Enzymatic rhamnosylation of anticancer drugs by an α-L-rhamnosidase from Alternaria sp. L1 for cancer-targeting and enzyme-activated prodrug therapy.

Abstract

The synthesis of rhamnosylated compounds has gained great importance since these compounds have potential therapeutic applications. The enzymatic approaches for glycosylation of bioactive molecules have been well developed; however, the enzymatic rhamnosylation has been largely hindered by lacking of the glycosyl donor for rhamnosyltransferases. Here, we employed an α-L-rhamnosidase from Alternaria sp. L1 (RhaL1) to perform one-step rhamnosylation of anticancer drugs, including 2'-deoxy-5-fluorouridine (FUDR), cytosine arabinoside (Ara C), and hydroxyurea (Hydrea). The key synthesis conditions including substrate concentrations and reaction time were carefully optimized, and the maximum yields of each rhamnosylated drugs were 57.7 mmol for rhamnosylated Ara C, 68.6 mmol for rhamnosylated Hydrea, and 42.2 mmol for rhamnosylated FUDR. It is worth pointing out that these rhamnosylated drugs exhibit little cytotoxic effects on cancer cells, but could efficiently restore cytotoxic activity when incubated with exogenous α-L-rhamnosidase, suggesting their potential applications in the enzyme-activated prodrug system.
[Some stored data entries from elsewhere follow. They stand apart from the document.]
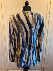 Elegante cardigan 80 % lana con disegno geometrico taglia 46 Linea dritta 4 bottoni Misure: spalle cm 46, ascelle cm 49, lunghezza cm 72
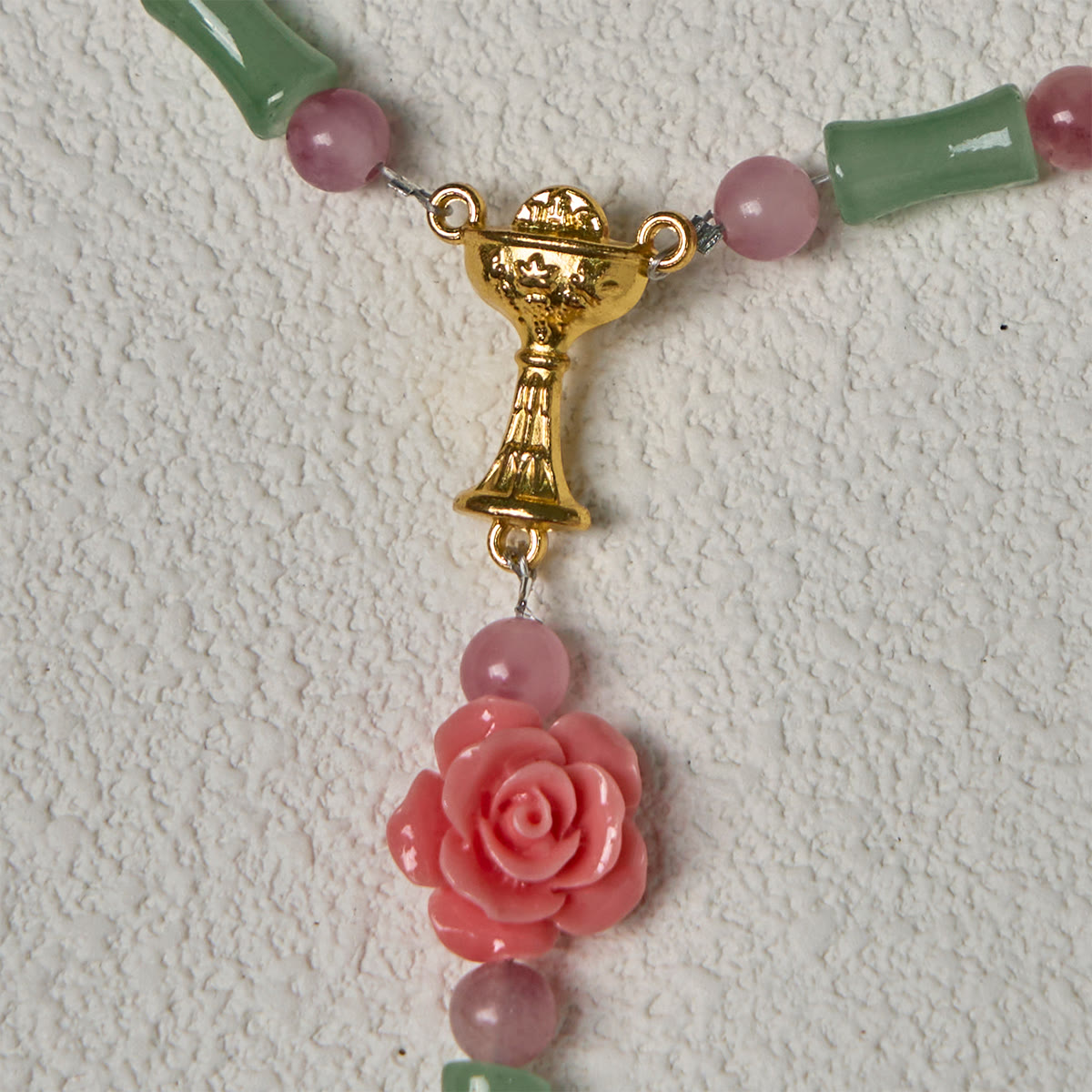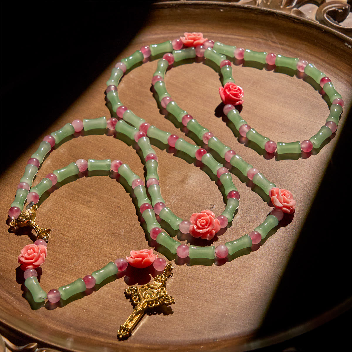 Gentle green bamboo-like beads and soft pink floral accents create a rosary that feels like a walk through a peaceful garden. -
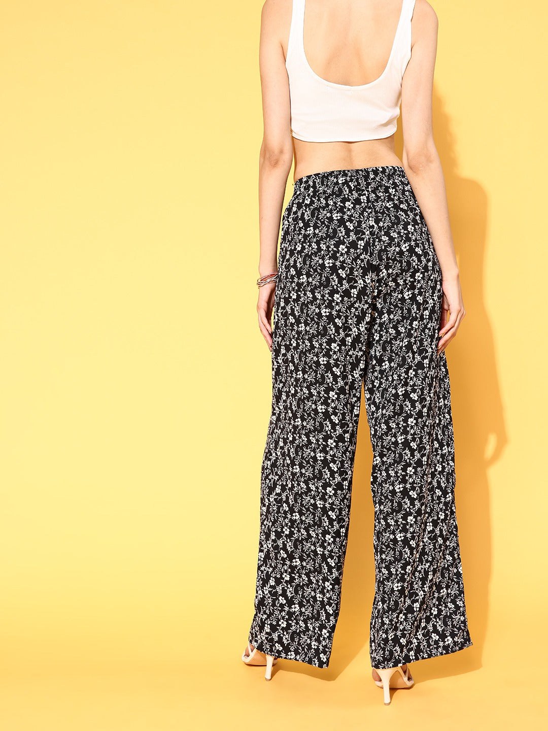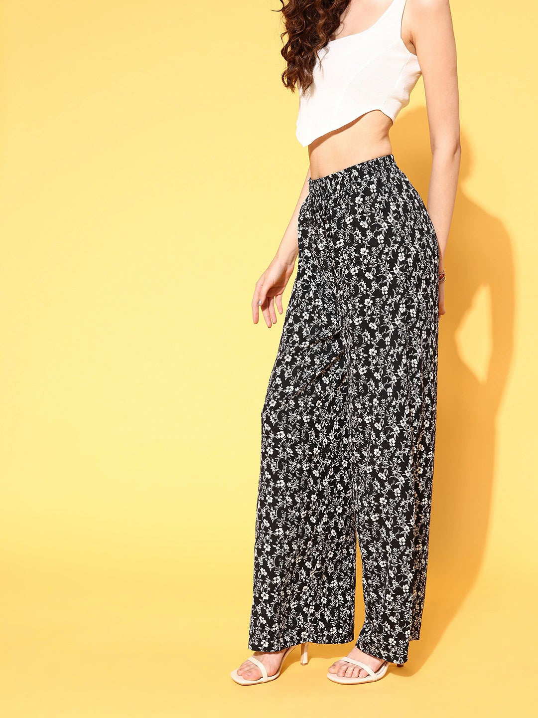 Berrylush Women Black & White Floral Printed High-Rise Waist Wide Leg Flared Trousers
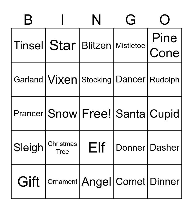 This bingo card has a free space and 24 words: Christmas Tree, Ornament, Stocking, Gift, Pine Cone, Tinsel, Garland, Star, Santa, Elf, Dancer, Prancer, Donner, Dasher, Vixen, Comet, Cupid, Blitzen, Rudolph, Snow, Dinner, Sleigh, Mistletoe and Angel.

To evaluate the cancer-targeting ability of rhamnose moiety, the rhamnose-conjugated fluorescence dye rhodamine B (Rha-RhB) was constructed. The fluorescence probe Rha-RhB displayed much higher cell affinity and cellular internalization rate of oral cancer cell KB and breast cancer cell MDA-MB-231 than that of the normal epithelial cells MCF 10A, suggesting that the rhamnose moiety could mediate the specific internalization of rhamnosylated compounds into cancer cells, which greatly facilitated their applications for cancer-targeting drug delivery.